Maybe people who were not originally born as NTs become such by abuse? I've personally been an NT since the day I was born, but I know certain people can take on NT characteristics due to "becoming hard" from their life's circumstances


----------



## LadyO.W.BernieBro (Sep 4, 2010)

No family abuse, fortunately. Bullied a bit in 6-7th grade with one physical incident, because l was nerd.

So, l stopped being a nerd. Kind of.

Oh, and l invested in a flat iron.


----------



## L (Aug 12, 2011)

I doubt all NT's were abused, or if there's any correlation at all. If you get abused while your brain is still developing it can lead you to have a fractured psyche and while it repairs itself it becomes something different than it was before. This could turn non-NT's into NT's as well as NT's into other types as well. 

I had a fairly turbulent childhood and it played a very large role in how I am today, although I do not believe it changed my type. It certainly changed how I think about the world around me and it most definitely played a role in what quirks I have in my personality, but I do not believe it changed the lens in which I see the world through, I do not believe it changed my type.


----------



## absentminded (Dec 3, 2010)

I had an interesting childhood. I spent most of my young adult life caught between an ESFJ mother that I would say was/is highly unhealthy and an INTJ father. It definitely hardened many of my NT traits, but didn't make me an NT by any means.


----------



## TheQuietGuyInTheCorner (Nov 23, 2013)

Interesting thread. I've often wondered about this correlation and thought making a survey to see if there wereany trends worth investigating further. 

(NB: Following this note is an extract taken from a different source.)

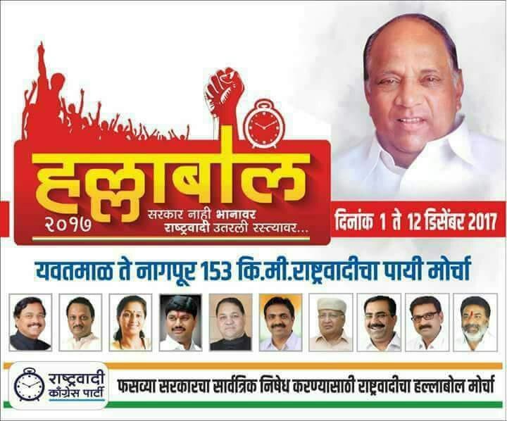 शीतकालीन अधिवेशन के पहले ही दिन सरकार को घेरने के लिए कांग्रेस और राष्ट्रवादी कांग्रेस दल संयुक्त मोर्चा निकालने जा रहे है। इस मोर्चे की कमान खुद एनसीपी अध्यक्ष शरद पवार के हाथों में होगी। नागपुर में विधानभवन पर निकाले जाने वाले इस मोर्चे से पहले दोनों दल दिंडी यात्रा भी निकलेंगे। कांग्रेस जहाँ वर्धा से तो राष्ट्रवादी यवतमाल से अपनी दिंडी यात्रा लेकर विधानभवन में कूच करेगी।

There is a good documentary called "absent" that looks at the effects on children raised without father figures being emotionally or physically present (either by choice or circumstance). Some of commentary is a bit presumptuous but overall it's fascinating to think about.


----------



## L (Aug 12, 2011)

TheQuietGuyInTheCorner said:


> There is a good documentary called "absent" that looks at the effects on children raised without father figures being emotionally or physically present (either by choice or circumstance). Some of commentary is a bit presumptuous but overall it's fascinating to think about.


Is this it?


----------



## TheQuietGuyInTheCorner (Nov 23, 2013)

No, but it looks like the same subject. The one I am talking about is absentmovie.com ...it's full length and on netflix still I think.


----------



## Versatility (Feb 19, 2013)

My mother and father argued A lot a lot alot alot ,They have been divorced since i was 5. I can say that sculpted me to who i am today.


----------